When I was younger, I broke my ankle in multiple places, and I could no longer dance. Dance had been my plan. After my plan fell apart, I asked myself, “What am I going to do?” And I decided to not make a plan. Either I was too afraid to make a new plan for fear it would fall apart or that I would fail.
Things kept coming together, though. I kept saying “yes” to things or to experimenting. And slowly but surely, things came together. Seeing that pattern helped me realize that I don’t have to have it all figured out.
“There have been times when I wish I would have done things differently.
For example, I didn’t know what product management was when I was younger, so I could have never planned to be a product manager. I had no idea I would ever live in San Francisco. And back when I first visited, I didn’t like it at all. But I kept an open mind, and I love San Francisco now.
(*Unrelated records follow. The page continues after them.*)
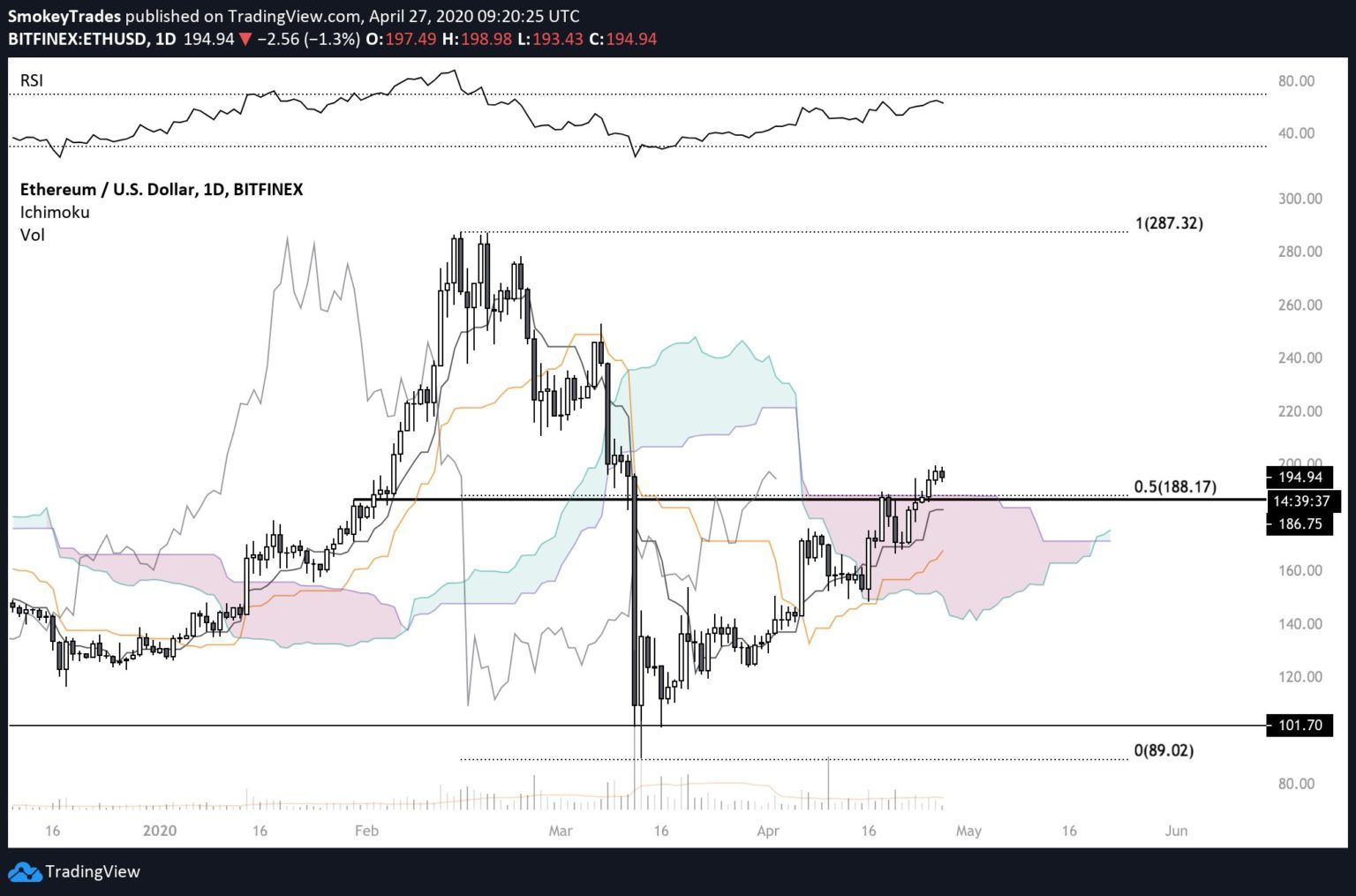 Ruch w górę po osiągnięciu dna z 13 marca przybrało formę rosnącego klina. Trader kryptowalut @TraderSmokey nakreślił wspomniany wyżej zakres handlu dla Ethereum, pokazując, że cena właśnie wzrosła powyżej poziomu 0,5.
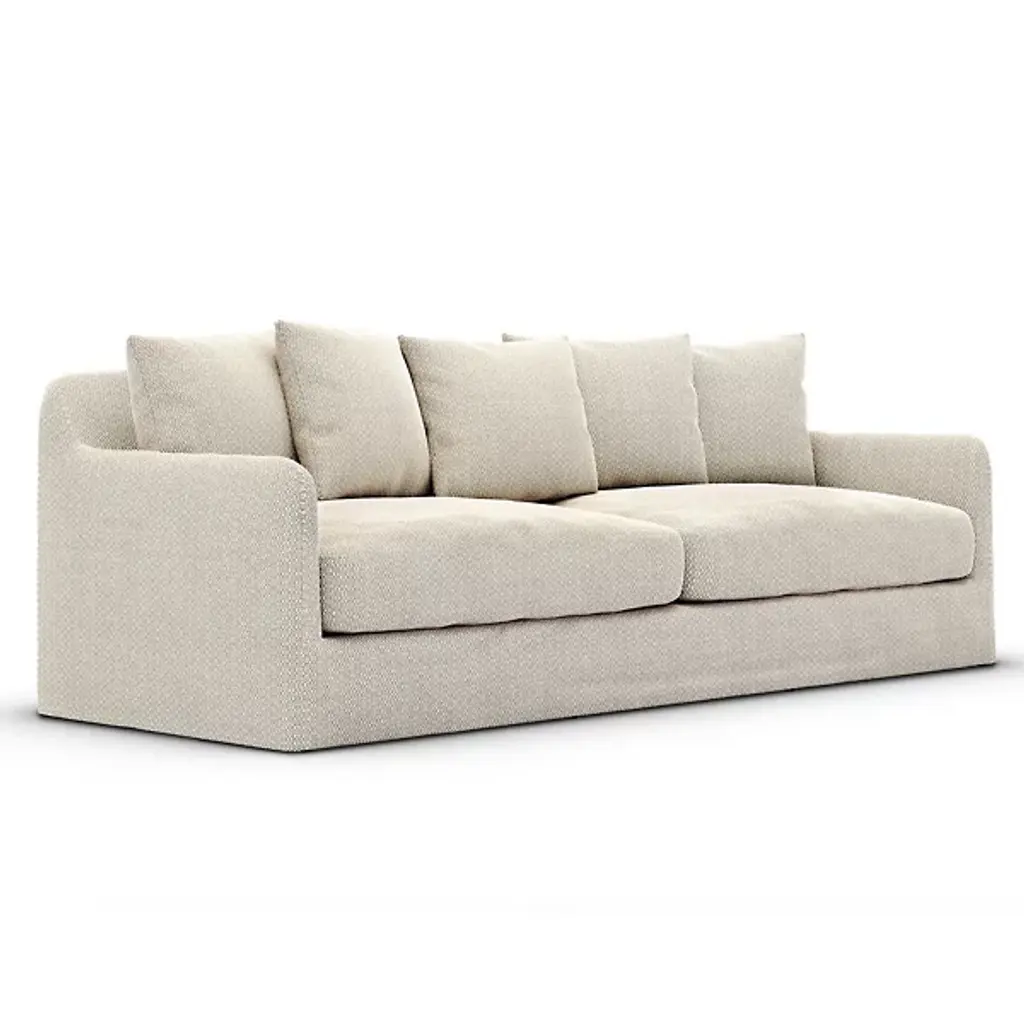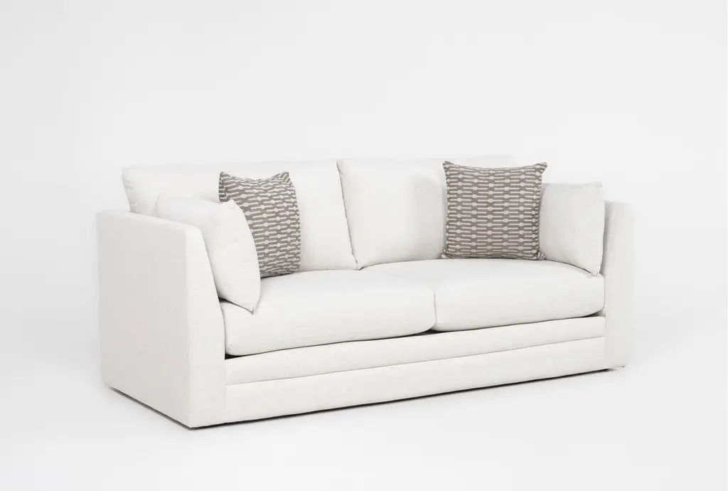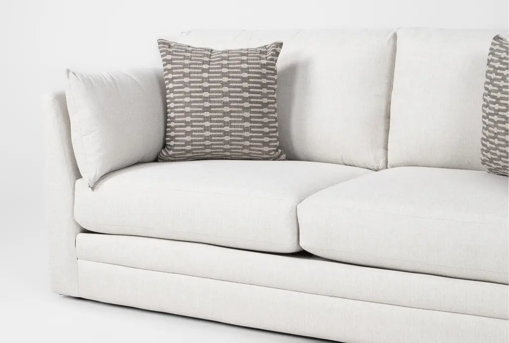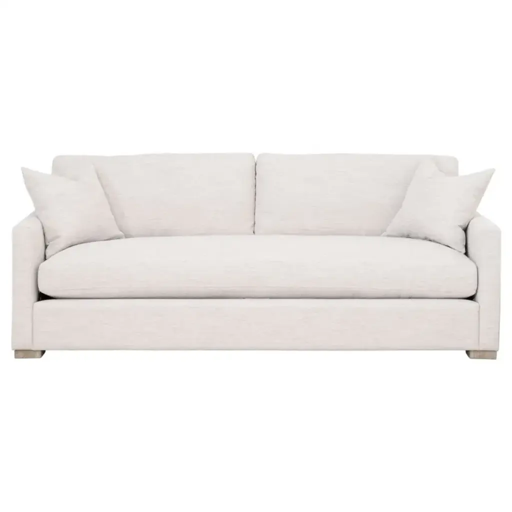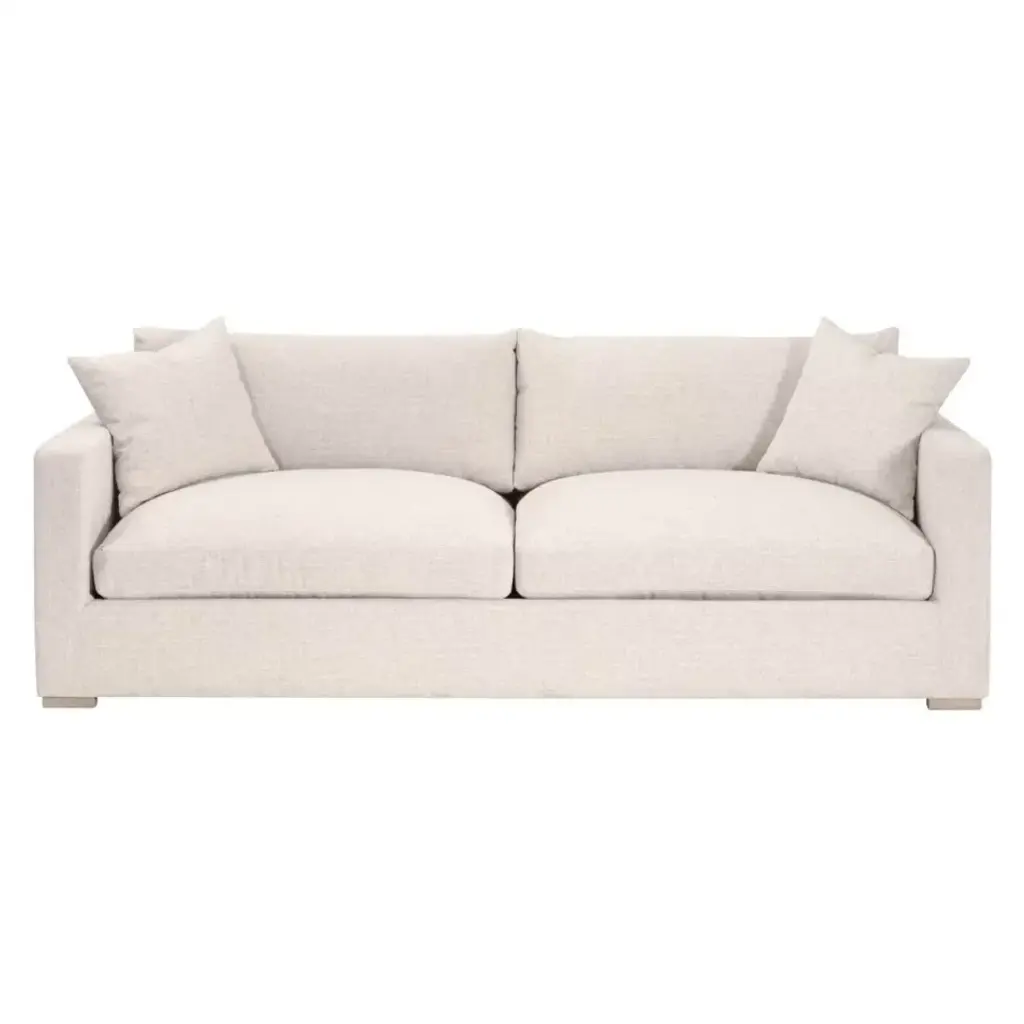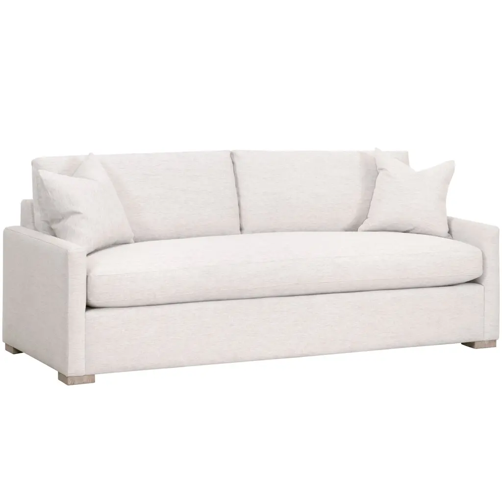 The Austen Foam II Beige 86" Condo Sofa offers a comfortable and stylish seating solution for your living room. This casual sofa is upholstered in 100% polypropylene fabric, ensuring durability and ease of maintenance. With its removable cushions and flared arms, this sofa combines functionality with a soft, neutral color palette that complements any decor.
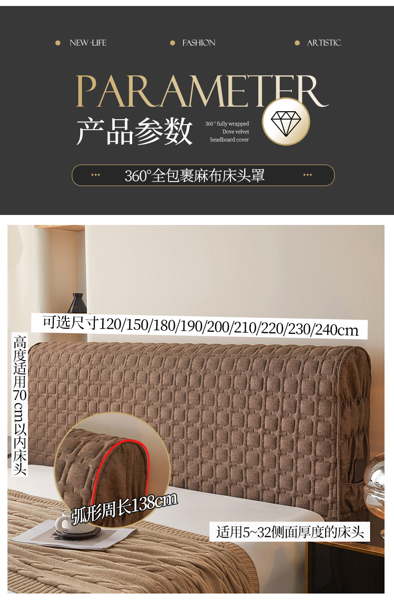 • 91家纺网 家纺一手货源 找家纺 情恒家纺 2025新款麻布全包床头罩 麻布-深驼色
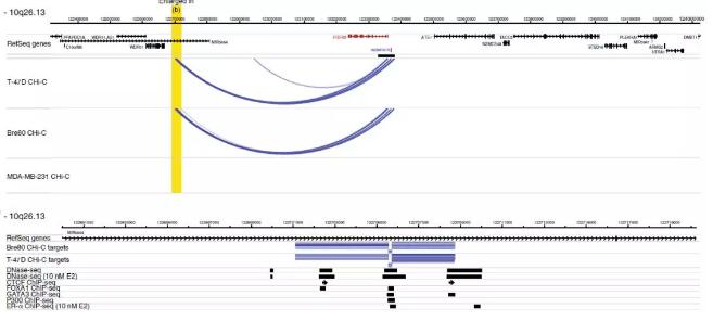 互作peak示例:下圖為10q26.13基因座的互作peak(loop),在ER+乳腺癌細胞系和正常乳腺上皮細胞系中鑒定到了互作peak,但是ER-乳腺癌細胞系中則未檢測到?;プ靼谢虻霓D錄起始位點(TSS)位于捕獲區(qū)域內,并且和相距幾百Kb遠的特異的HindIII酶切片段形成環(huán)(互作Peak)。在T-47D細胞系中,這些遠距離片段與DNase I超敏位點、CTCF、FOXA1、GATA3轉錄因子結合位點以及雌激素受體ERα結合位點共定位。
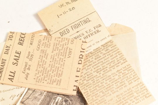 First World War military interest. 1920 The Adventures of Dunsterforce by Major-General L. C. Dunsterville. London: Edward Arnold. Author's presentation copy to his comrade Captain M. S. Aldham (later Major) with original photographs from their exploits tipped in and loosely inserted, along with a letter 'To Captain Michael S. Aldham, in memory of strenuous days in North West Persia 1918, yours very sincerely Lionel Dunsterville'. Publisher's red cloth, a touch shaken & bumped with extremities discoloured & spine faded; pencil ownership inscription of Major M. S. Aldham - Shelton & Co. Lostwithiel to ffep, bookplate of Foster Yeoman Ltd. verso, front hinge visibly strained & exposed after ffep. Illustrated with black and white photographic plates throughout, also with tipped in original photographs of the mission including of double turreted armoured cars, Baghdad, a Kurd camp, Khanikin, a Kurd road guard near Harunabad, Kermanshah, Bisirun Bridge, Persian waggons used by Russians, Manjil, as well as a photograph of South African soldier Pennington & a humorous anecdote to accompany about having his knees kissed (p.188). Over 30 original photographs tipped in. An important military account of the Allied Dunsterforce and the Battle of Baku, illustrated with original photographs taken by a force soldier & dedicated from Dunsterville himself. 8vo.
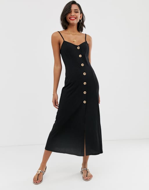 ASOS DESIGN sukienka maxi na ramiączkach z guzikami ze sztucznego drewna
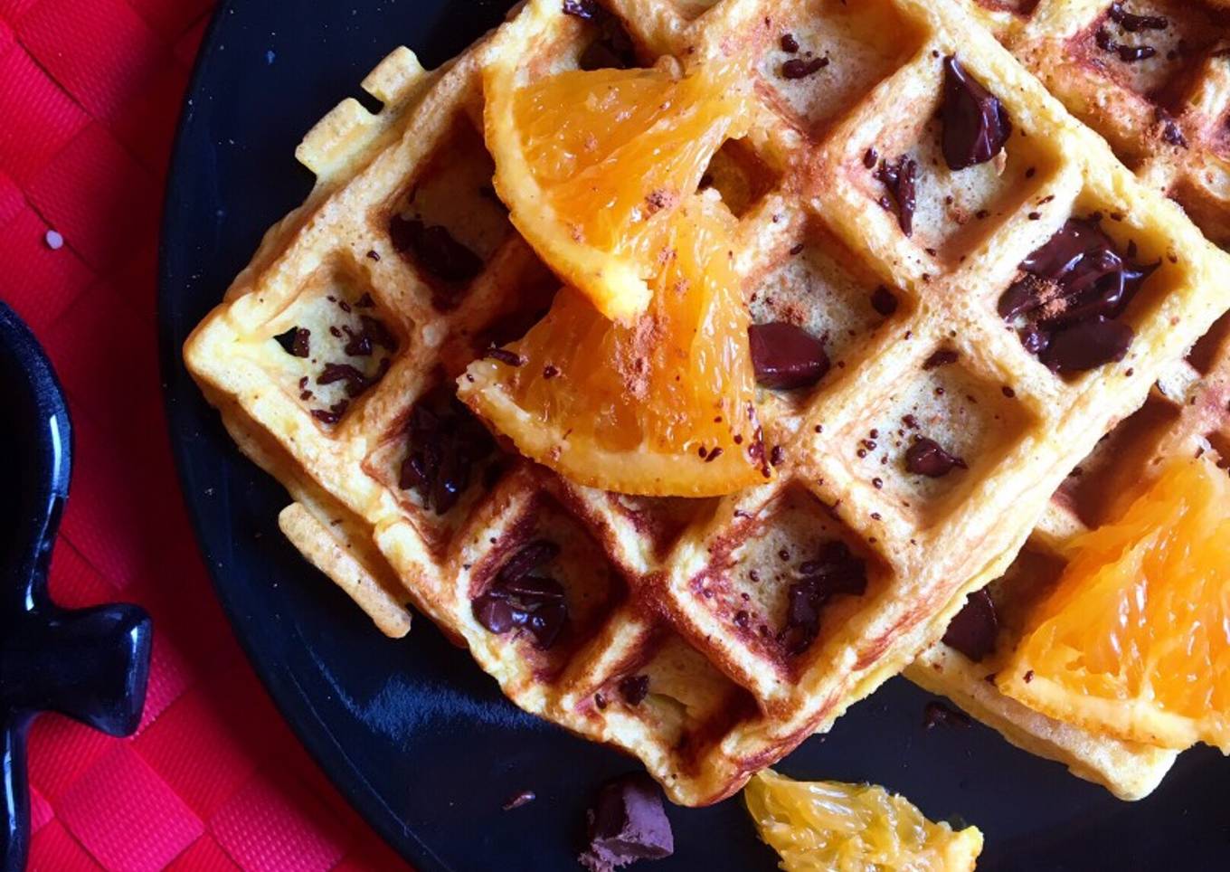 - Engrasamos la gofrera con un poco de aceite de coco para que no se peguen, precalentamos, preparamos los gofres, troceamos la onza de chocolate por encima y listo!
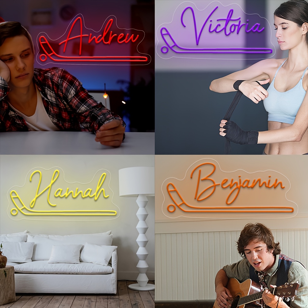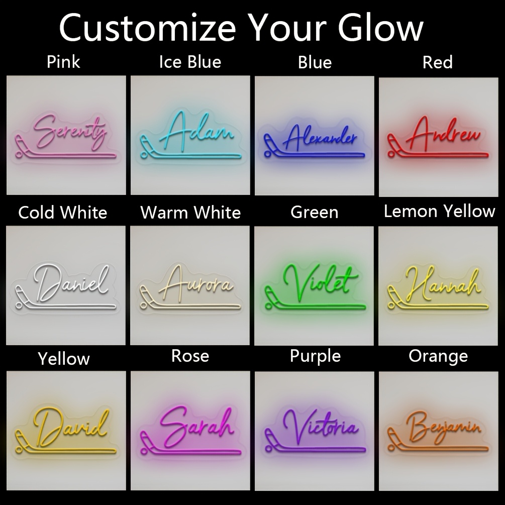 Custom Hockey Stick and Name Neon, Personalised LED Neon Lights for events, children’s rooms, bedrooms, living rooms and home decor, unique and ideal gifts for birthdays, weddings, graduations, children’s day and more!
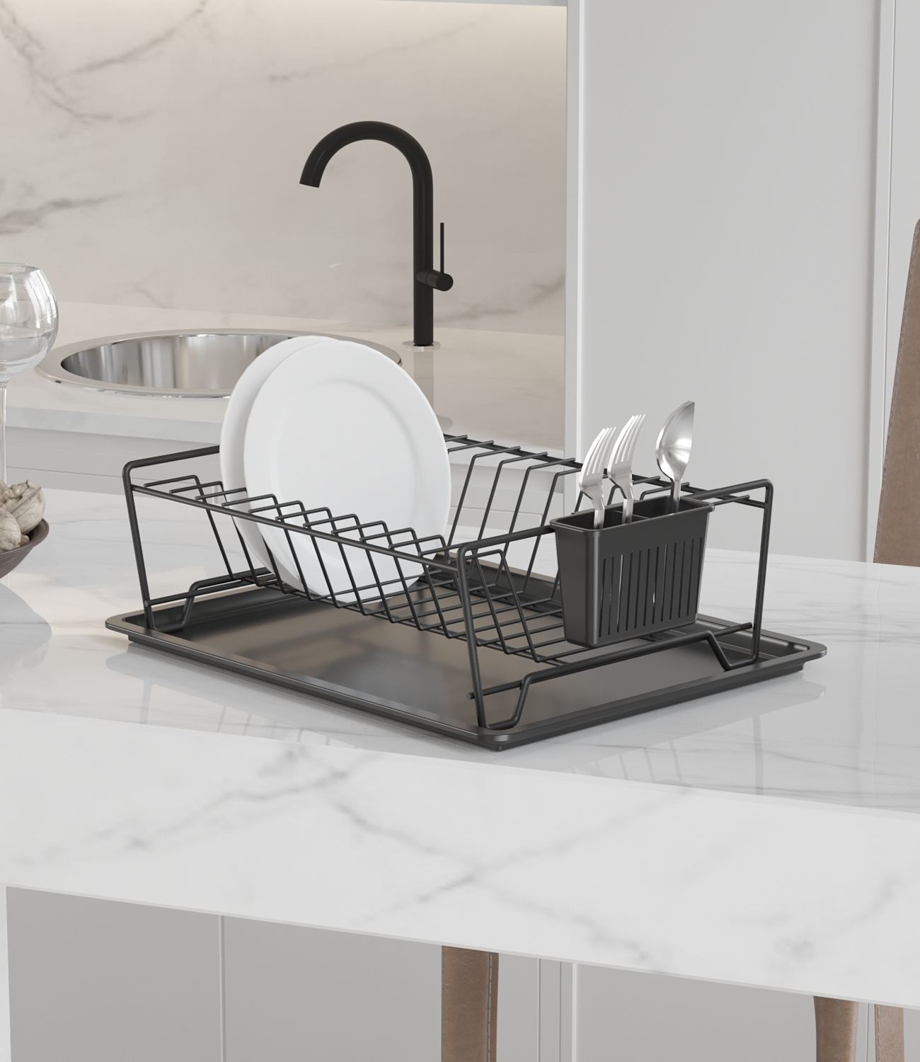 Com 35,5 x 29,5 x 11 cm, este suporte para pratos oferece um espaço amplo para os seus pratos, copos e talheres. Os seus compartimentos e ranhuras inteligentemente concebidos permitem uma secagem e organização eficientes, assegurando que a sua cozinha permanece livre de desordem. Diga adeus às bancadas desarrumadas e olá a uma cozinha bem organizada!

There have been times when I wish I would have done something differently or something didn’t work and I had to pivot. But I try not to think about those moments as failures necessarily.
For example, in one job, I was so invested in the company that I felt like I had lost my own identity. Yet I was holding on so hard that it ended up being really hurtful and harmful to me and my development. As I look back now, parting ways with that company was actually the best thing I could have done for myself.
By the time I was even able to see how unhappy I was in that situation, it made it really hard because I had all these self-limiting doubts: What if I can’t get another job? What if I’m the reason why this isn’t working? What if this hurts my reputation in the future if I can’t make this work or I can’t figure it out with my manager?
Then, I had to ask: What actually makes me happy in a role, and what do I need to be successful?
I examined the situation, and had an honest conversation with myself, my manager and others, asking, “Are these things realistic? Can I do these things? Can you do these things? Can you support me in this way? And if you can’t, what does that mean? What is my exit plan? And then what do I want to do next?”
Those are big, scary conversations.
Afterward, I decided to take a sabbatical. I wrote down a list, being really specific about every single thing I wanted. Within a month, my current company reached out — and it literally included every single one of those things.
It’s been a year and a half, and I’m in such a different place in my life, personally and professionally. I have asked myself, “Why did I stay at my previous company so long? If I would have left earlier, what would my life look like now?” But moving forward, I know how I need to structure and reflect. I know how to be my own best advocate as a result of this experience.
It can be really easy to fall into this trap of thinking about success and failure as a binary. But every time we “fail,” we learn something new that can inform the direction or what we decide to value in our day-to-day lives.